Missing values can significantly impact your analysis:
- They can introduce bias if not handled properly.
- Many Machine Learning algorithms can't handle missing values out of the box.
- They can lead to loss of important information if instances with missing values are simply discarded.
- Improperly handled Missing Values can lead to incorrect conclusions or predictions.
That's why it's crucial to have a solid strategy for dealing with missing values. And that's exactly what we're going to explore in this article!
The Dataset
First things first, let's introduce our dataset. We'll be working with a golf course dataset that tracks various factors affecting the crowdedness of the course.

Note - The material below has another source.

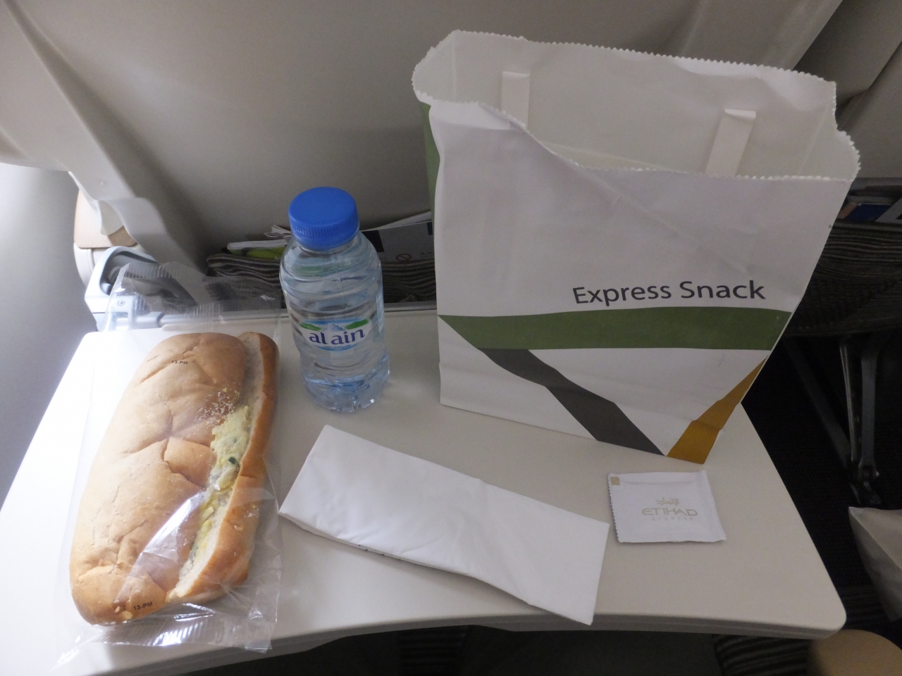 機内食はエッグサンドイッチとミネラルウォーターのみ。

This dataset has a bit of everything – numerical data, categorical data, and yes, plenty of missing values.

import pandas as pd
import numpy as np
# Create the dataset as a dictionary
data = {
'Date': ['08-01', '08-02', '08-03', '08-04', '08-05', '08-06', '08-07', '08-08', '08-09', '08-10',
'08-11', '08-12', '08-13', '08-14', '08-15', '08-16', '08-17', '08-18', '08-19', '08-20'],
'Weekday': [0, 1, 2, 3, 4, 5, 6, 0, 1, 2, 3, 4, 5, 6, 0, 1, 2, 3, 4, 5],
'Holiday': [0.0, 0.0, 0.0, 0.0, np.nan, 0.0, 0.0, 0.0, 0.0, 1.0, 0.0, np.nan, 0.0, 0.0, 0.0, 0.0, 0.0, 0.0, 0.0, 0.0],
'Temp': [25.1, 26.4, np.nan, 24.1, 24.7, 26.5, 27.6, 28.2, 27.1, 26.7, np.nan, 24.3, 23.1, 22.4, np.nan, 26.5, 28.6, np.nan, 27.0, 26.9],
'Humidity': [99.0, np.nan, 96.0, 68.0, 98.0, 98.0, 78.0, np.nan, 70.0, 75.0, np.nan, 77.0, 77.0, 89.0, 80.0, 88.0, 76.0, np.nan, 73.0, 73.0],
'Wind': [0.0, 0.0, 0.0, 0.0, 0.0, 0.0, 0.0, 0.0, 0.0, np.nan, 0.0, 0.0, 1.0, 1.0, 1.0, 1.0, 0.0, np.nan, 1.0, 0.0],
'Outlook': ['rainy', 'sunny', 'rainy', 'overcast', 'rainy', np.nan, 'rainy', 'rainy', 'overcast', 'sunny', np.nan, 'overcast', 'sunny', 'rainy', 'sunny', 'rainy', np.nan, 'rainy', 'overcast', 'sunny'],
'Crowdedness': [0.14, np.nan, 0.21, 0.68, 0.20, 0.32, 0.72, 0.61, np.nan, 0.54, np.nan, 0.67, 0.66, 0.38, 0.46, np.nan, 0.52, np.nan, 0.62, 0.81]
}
# Create a DataFrame from the dictionary
df = pd.DataFrame(data)
# Display basic information about the dataset
print(df.info())
# Display the first few rows of the dataset
print(df.head())
# Display the count of missing values in each column
print(df.isnull().sum())
Output:
RangeIndex: 20 entries, 0 to 19
Data columns (total 8 columns):
# Column Non-Null Count Dtype
--- ------ -------------- -----
0 Date 20 non-null object
1 Weekday 20 non-null int64
2 Holiday 19 non-null float64
3 Temp 16 non-null float64
4 Humidity 17 non-null float64
5 Wind 19 non-null float64
6 Outlook 17 non-null object
7 Crowdedness 15 non-null float64
dtypes: float64(5), int64(1), object(2)
memory usage: 1.3+ KB
Date Weekday Holiday Temp Humidity Wind Outlook Crowdedness
0 08-01 0 0.0 25.1 99.0 0.0 rainy 0.14
1 08-02 1 0.0 26.4 NaN 0.0 sunny NaN
2 08-03 2 0.0 NaN 96.0 0.0 rainy 0.21
3 08-04 3 0.0 24.1 68.0 0.0 overcast 0.68
4 08-05 4 NaN 24.7 98.0 0.0 rainy 0.20
Date 0
Weekday 0
Holiday 1
Temp 4
Humidity 3
Wind 1
Outlook 3
Crowdedness 5
dtype: int64
As we can see, our dataset contains 20 rows and 8 columns:
- Date: The date of the observation
- Weekday: Day of the week (0–6, where 0 is Monday)
- Holiday: Boolean indicating if it's a holiday (0 or 1)
- Temp: Temperature in Celsius
- Humidity: Humidity percentage
- Wind: Wind condition (0 or 1, possibly indicating calm or windy)
- Outlook: Weather outlook (sunny, overcast, or rainy)
- Crowdedness: Percentage of course occupancy
And look at that! We've got missing values in every column except Date and Weekday. Perfect for our imputation party.
Now that we have our dataset loaded, let's tackle these missing values with six different imputation methods. We'll use a different strategy for each type of data.
Method 1: Listwise Deletion
Listwise deletion, also known as complete case analysis, involves removing entire rows that contain any missing values. This method is simple and preserves the distribution of the data, but it can lead to a significant loss of information if many rows contain missing values.